== Work instruction ==
For this exercise, copy exactly every line from the one holding "A defocused green" through the end of the data, both included. Omit pictures.

== Information shown ==
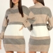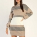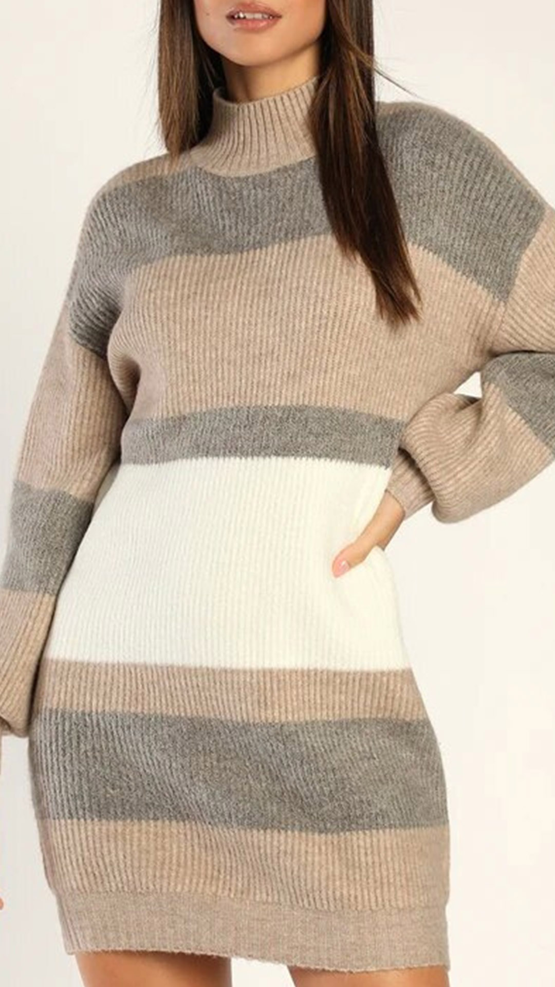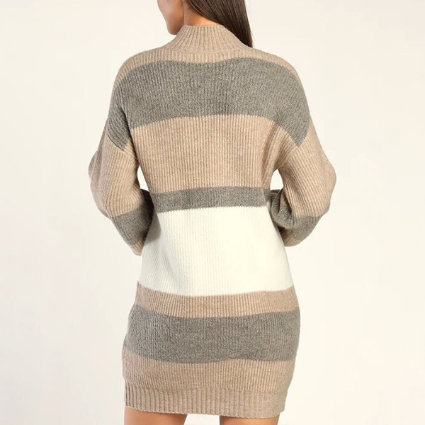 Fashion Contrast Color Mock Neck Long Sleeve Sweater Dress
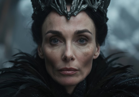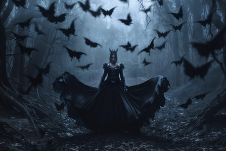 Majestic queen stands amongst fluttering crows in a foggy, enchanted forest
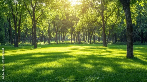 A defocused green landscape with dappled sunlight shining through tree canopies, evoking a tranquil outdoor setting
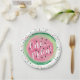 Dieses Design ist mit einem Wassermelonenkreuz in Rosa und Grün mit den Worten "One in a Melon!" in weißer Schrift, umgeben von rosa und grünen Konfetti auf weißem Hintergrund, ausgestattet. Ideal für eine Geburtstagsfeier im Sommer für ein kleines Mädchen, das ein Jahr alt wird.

== Result of this exercise ==
 A defocused green landscape with dappled sunlight shining through tree canopies, evoking a tranquil outdoor setting
 Dieses Design ist mit einem Wassermelonenkreuz in Rosa und Grün mit den Worten "One in a Melon!" in weißer Schrift, umgeben von rosa und grünen Konfetti auf weißem Hintergrund, ausgestattet. Ideal für eine Geburtstagsfeier im Sommer für ein kleines Mädchen, das ein Jahr alt wird.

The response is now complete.